There are three reasons for pushing ahead. The first is that deregulation follows logically from the earlier single market programme. Many sectors remain the preserve of national champions, national regulators and national rules.
The second is a turn towards free markets. In Germany, and to some extent in Italy under Silvio Berlusconi, there is evidence of a growing wave of liberal thinking.
The third is concern that heavy regulation is inhibiting Europe's competitiveness in world markets. That is the message of Unice, the European employers' federation.
'We have kept our eyes closed for 20 years,' said Francois Perigot, Unice president, calling for privatisation and liberalisation.
The European Round Table of Industrialists (ERT), which represents about 40 big European companies, had broadly the same message in Beating the Crisis, which it published last year.
Britain has long pushed this line. Increasingly, companies like British Steel and British Telecommunications - privatised and competing in partly deregulated markets - are taking the argument to Europe.
The transport, energy and telecommunications sectors, largely untouched by earlier rounds of European legislation, will be in the forefront of efforts to dismantle national barriers.
Perhaps most controversially, Europe's labour market, still tied up in legislation in most EU countries, has been targeted for reform. And officials are wading through the catalogues of existing EU legislation to see what is needed and what can be thrown out.
Yet members have different visions. The British view is to remove regulations, but where needed, set them at national level.
The Commission's approach, though less centralist than in the mid-Eighties, is that a single European regulatory regime is desirable for many sectors.
Mr Rexrodt, for instance, had a rather nasty clash with Jacques Delors this year over the planned establishment of a new panel to tackle over-regulation.
Mr Rexrodt said he wanted an independent body to examine EU legislation with a critical eye; Mr Delors was alarmed that this would mean dismantling what the Commission had achieved.
At the Corfu summit in June, it was resolved that the new group would be appointed by the Commission but composed of 'independent personalities'.
The ERT spelt some of the issues out. 'Industry wants fewer and simpler legal and technical controls, not a return to the old confusion of 12 different national regulations,' it said.
This is not an approach that finds favour everywhere. France, in particular, will resist deregulation where it takes power away from the state.
France Telecom, the state- owned telecommunications company, is a national champion and the government will not lightly sign away its special rights.

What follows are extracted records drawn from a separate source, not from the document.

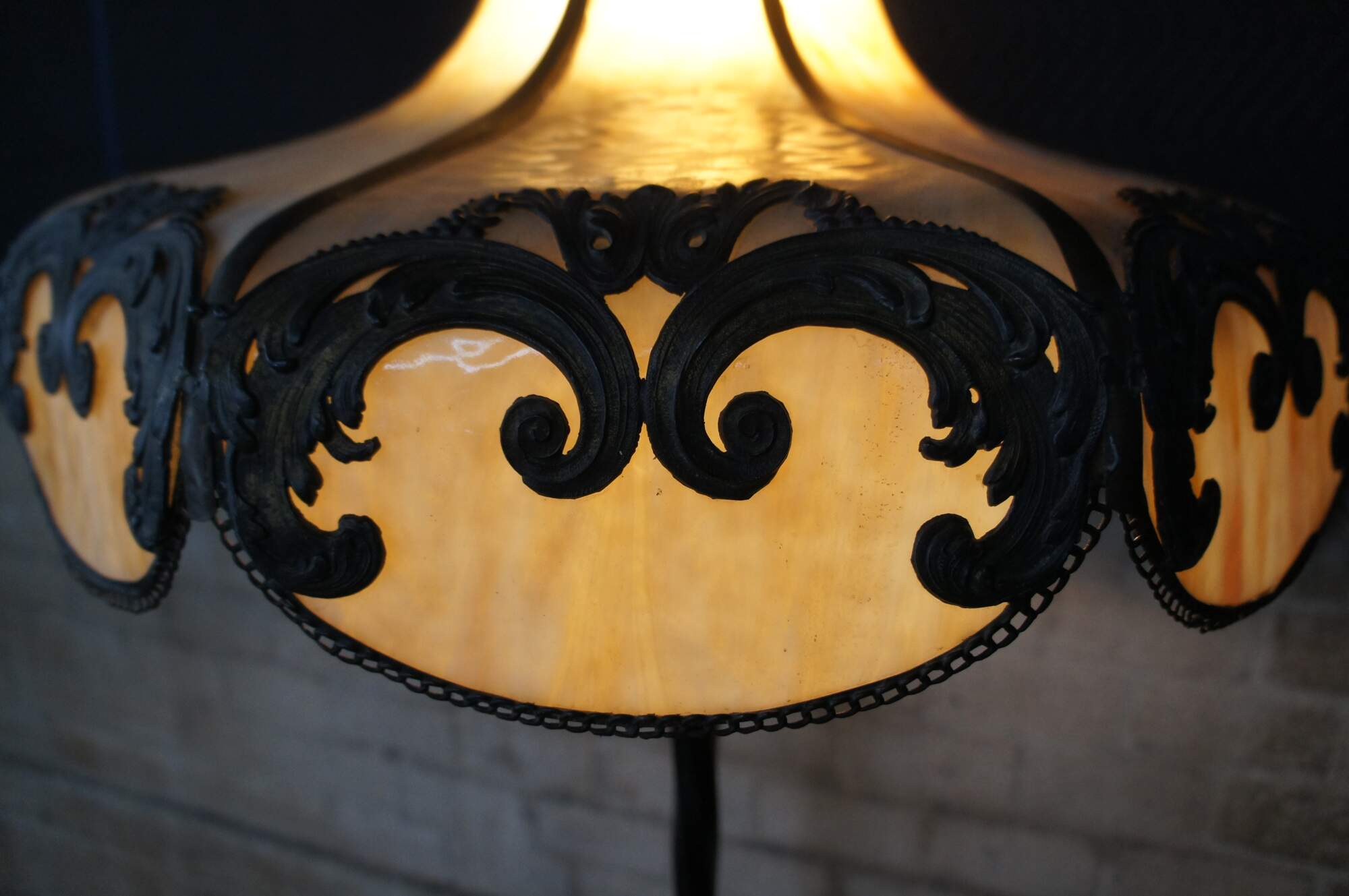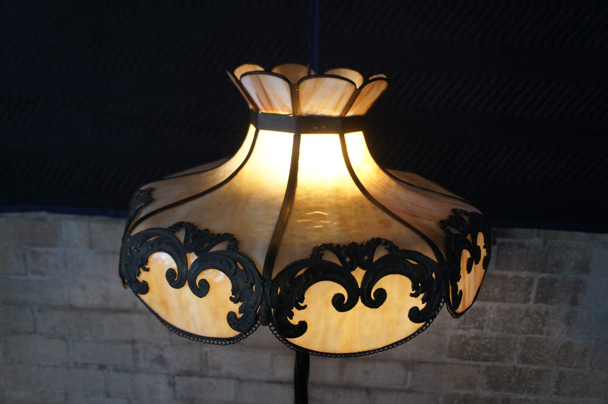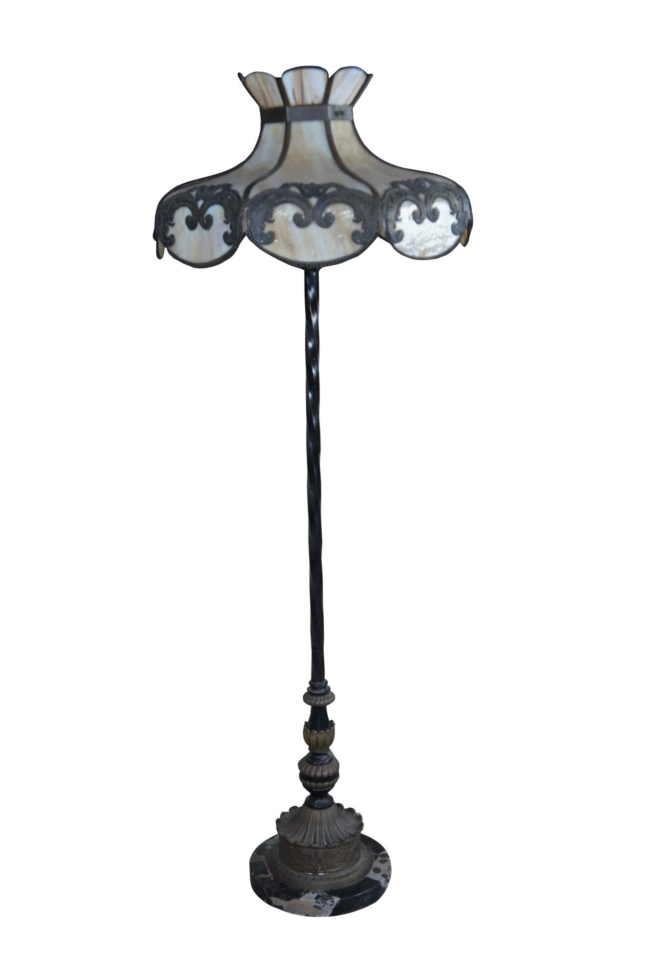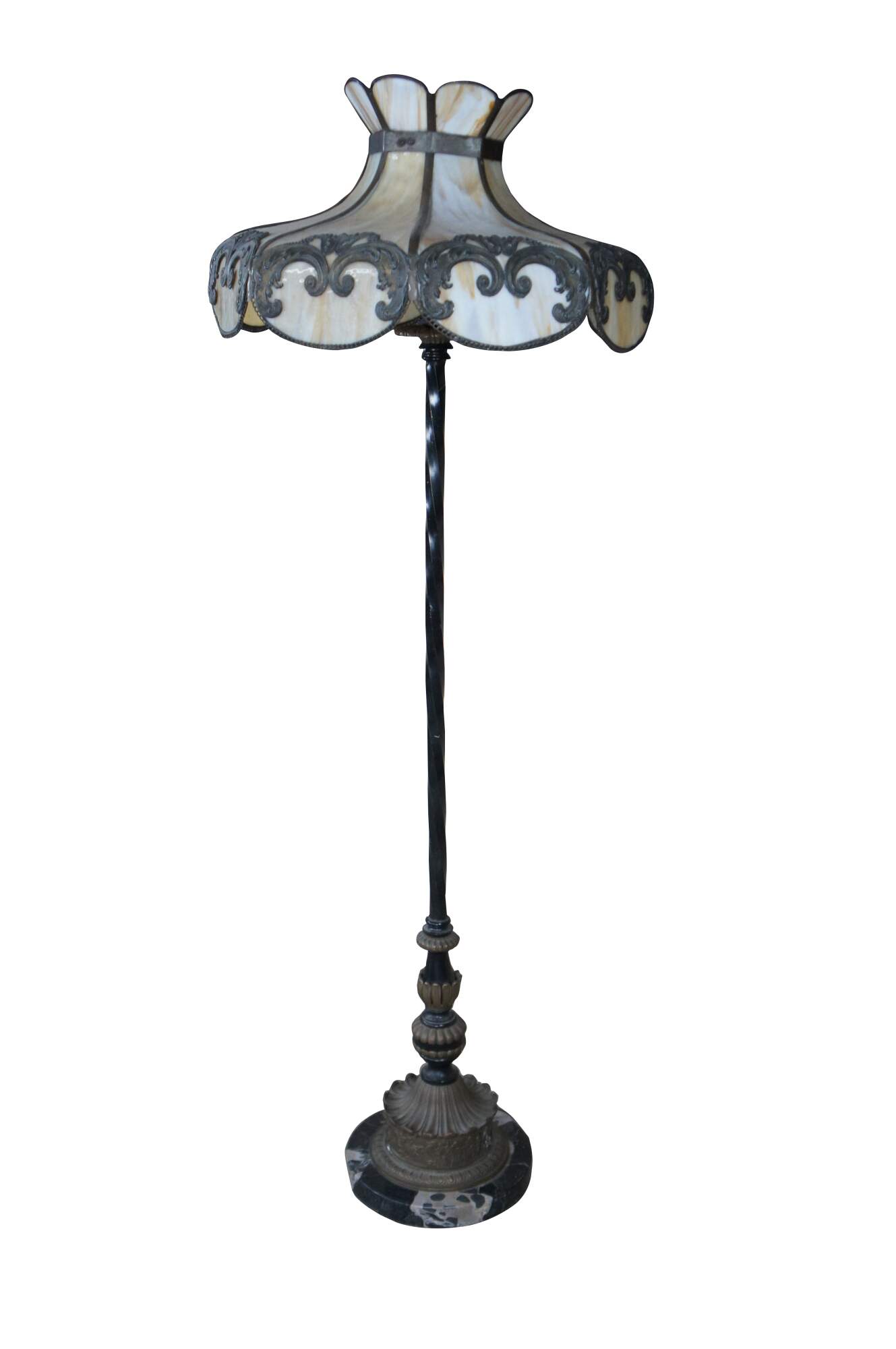 Antique wrought iron Tiffany style floor lamp featuring a stained slag glass shade with art nouveau acanthus design supported by twisted iron body with brass equestrian / horse theme accents and marble base.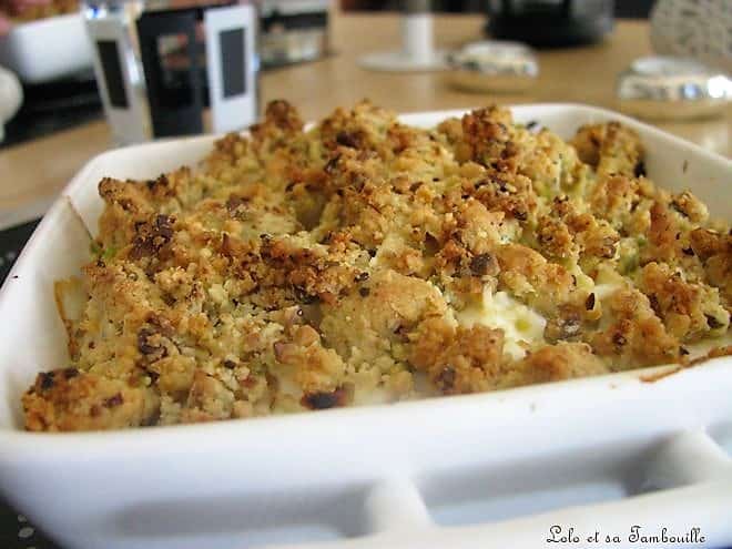 Déposer cette pâte grumeleuse et sableuse sur le chèvre en la répartissant bien.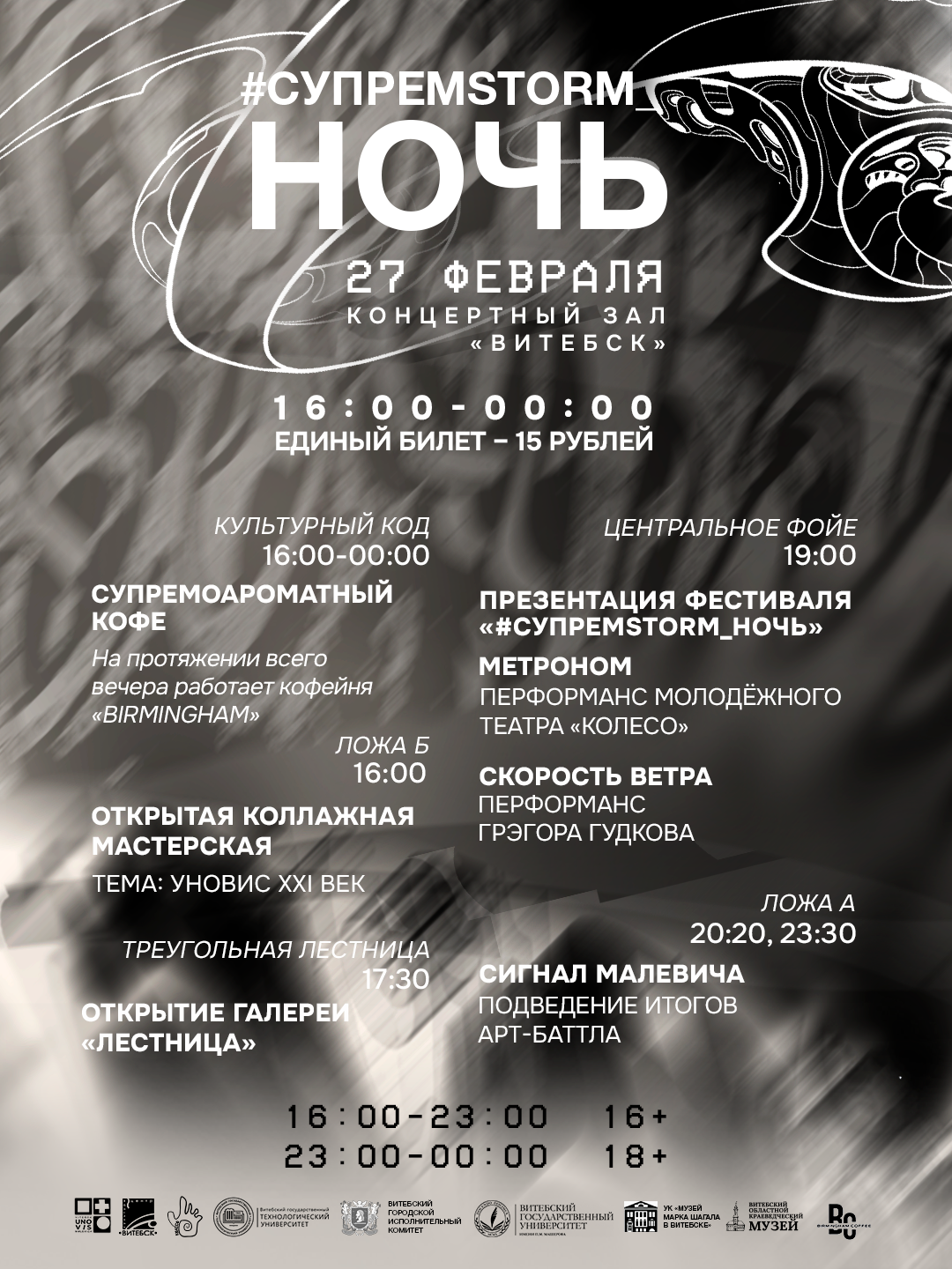 27 февраля Витебск встречает долгожданную #СУПРЕМSTORM_НОЧЬ – интерактивный мультижанровый фестиваль, посвящённый Казимиру МАЛЕВИЧУ и творческому объединению УНОВИС. Это переход от чёрно-белой зимы в красочную весну!

Paris takes the helm of the EU in January and is already manoeuvring to make sure that many of the crucial decisions on telecommunications deregulation are taken under its aegis.
It is not certain the Commission has the clout to arbitrate in this.
Karel Van Miert, the Belgian responsible for competition, is a highly competent commissioner. But he bent before the French government over cash for Air France, and only two commissioners - Sir Leon Brittan and Henning Christophersen - voted against.
The unwinding of the steel industry, over which Mr Van Miert presides, was criticised by independent producers for allowing state subsidies to prop up the sector, again opposed by Sir Leon.
There is also substantial resistance to a programme of thorough deregulation from other sources. Organised labour remains strong in many of the affected sectors and, as the debacle over Air France showed, when unions choose to come out in force, few governments are inclined to fight.
There is an emerging agreement behind stripping away regulation; but little over how it should be done and what should replace it.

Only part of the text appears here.